Download or read book Declaring His Genius written by Roy Morris Jr. and published by Belknap Press. This book was released on 2013-01-07 with total page 0 pages. Available in PDF, EPUB and Kindle. Book excerpt: Arriving at the port of New York in 1882, a 27-year-old Oscar Wilde quipped he had “nothing to declare but my genius.” But as Roy Morris, Jr., reveals in this sparkling narrative, Wilde was, for the first time in his life, underselling himself. A chronicle of the sensation that was Wilde’s eleven-month speaking tour of America, Declaring His Genius offers an indelible portrait of both Oscar Wilde and the Gilded Age. Wilde covered 15,000 miles, delivered 140 lectures, and met everyone who was anyone. Dressed in satin knee britches and black silk stockings, the long-haired apostle of the British Aesthetic Movement alternately shocked, entertained, and enlightened a spellbound nation. Harvard students attending one of his lectures sported Wildean costume, clutching sunflowers and affecting world-weary poses. Denver prostitutes enticed customers by crying: “We know what makes a cat wild, but what makes Oscar Wilde?” Whitman hoisted a glass to his health, while Ambrose Bierce denounced him as a fraud. Wilde helped alter the way post–Civil War Americans—still reeling from the most destructive conflict in their history—understood themselves. In an era that saw rapid technological changes, social upheaval, and an ever-widening gap between rich and poor, he delivered a powerful anti-materialistic message about art and the need for beauty. Yet Wilde too was changed by his tour. Having conquered America, a savvier, more mature writer was ready to take on the rest of the world. Neither Wilde nor America would ever be the same.

Book Henry James  Oscar Wilde and Aesthetic Culture

Download or read book Henry James Oscar Wilde and Aesthetic Culture written by Michele Mendelssohn and published by Edinburgh University Press. This book was released on 2014-10-27 with total page 328 pages. Available in PDF, EPUB and Kindle. Book excerpt: This book, the first fully sustained reading of Henry James's and Oscar Wilde's relationship, reveals why the antagonisms between both authors are symptomatic of the cultural oppositions within Aestheticism itself.

Book Oscar Wilde

Download or read book Oscar Wilde written by Matthew Sturgis and published by Knopf. This book was released on 2021-10-12 with total page 865 pages. Available in PDF, EPUB and Kindle. Book excerpt: The fullest, most textural, most accurate—most human—account of Oscar Wilde's unique and dazzling life—based on extensive new research and newly discovered materials, from Wilde's personal letters and transcripts of his first trial to newly uncovered papers of his early romantic (and dangerous) escapades and the two-year prison term that shattered his soul and his life. "Simply the best modern biography of Wilde." —Evening Standard Drawing on material that has come to light in the past thirty years, including newly discovered letters, documents, first draft notebooks, and the full transcript of the libel trial, Matthew Sturgis meticulously portrays the key events and influences that shaped Oscar Wilde's life, returning the man "to his times, and to the facts," giving us Wilde's own experience as he experienced it.

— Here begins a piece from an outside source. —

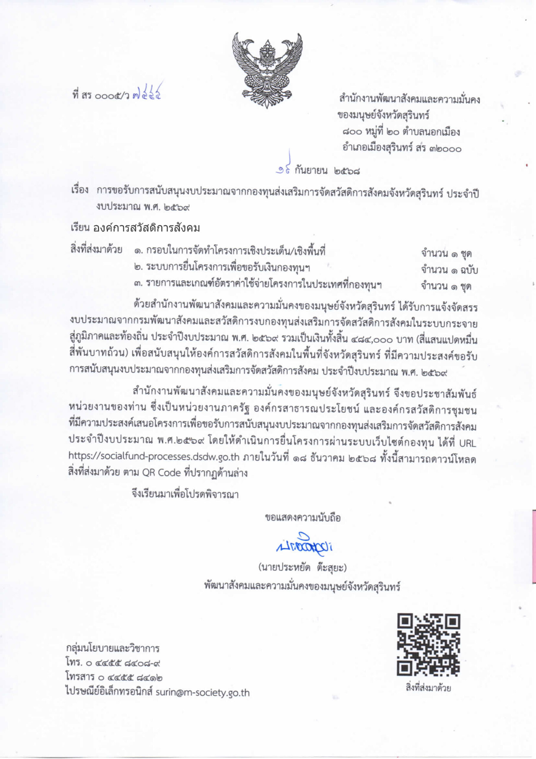 ประชาสัมพันธ์การขอรับการสนับสนุนงบประมาณจากกองทุนส่งเสริมการจัดสวัสดิการสังคมจังหวัดสุรินทร์ ประจำ ...

Here, fully and richly portrayed, is Wilde's Irish childhood; a dreamy, aloof boy; a stellar classicist at boarding school; a born entertainer with a talent for comedy and a need for an audience; his years at Oxford, a brilliant undergraduate punctuated by his reckless disregard for authority . . . his arrival in London, in 1878, "already noticeable everywhere" . . . his ten-year marriage to Constance Lloyd, the father of two boys; Constance unwittingly welcoming young men into the household who became Oscar's lovers, and dying in exile at the age of thirty-nine . . . Wilde's development as a playwright. . . becoming the high priest of the aesthetic movement; his successes . . . his celebrity. . . and in later years, his irresistible pull toward another—double—life, in flagrant defiance and disregard of England's strict sodomy laws ("the blackmailer's charter"); the tragic story of his fall that sent him to prison for two years at hard labor, destroying his life and shattering his soul.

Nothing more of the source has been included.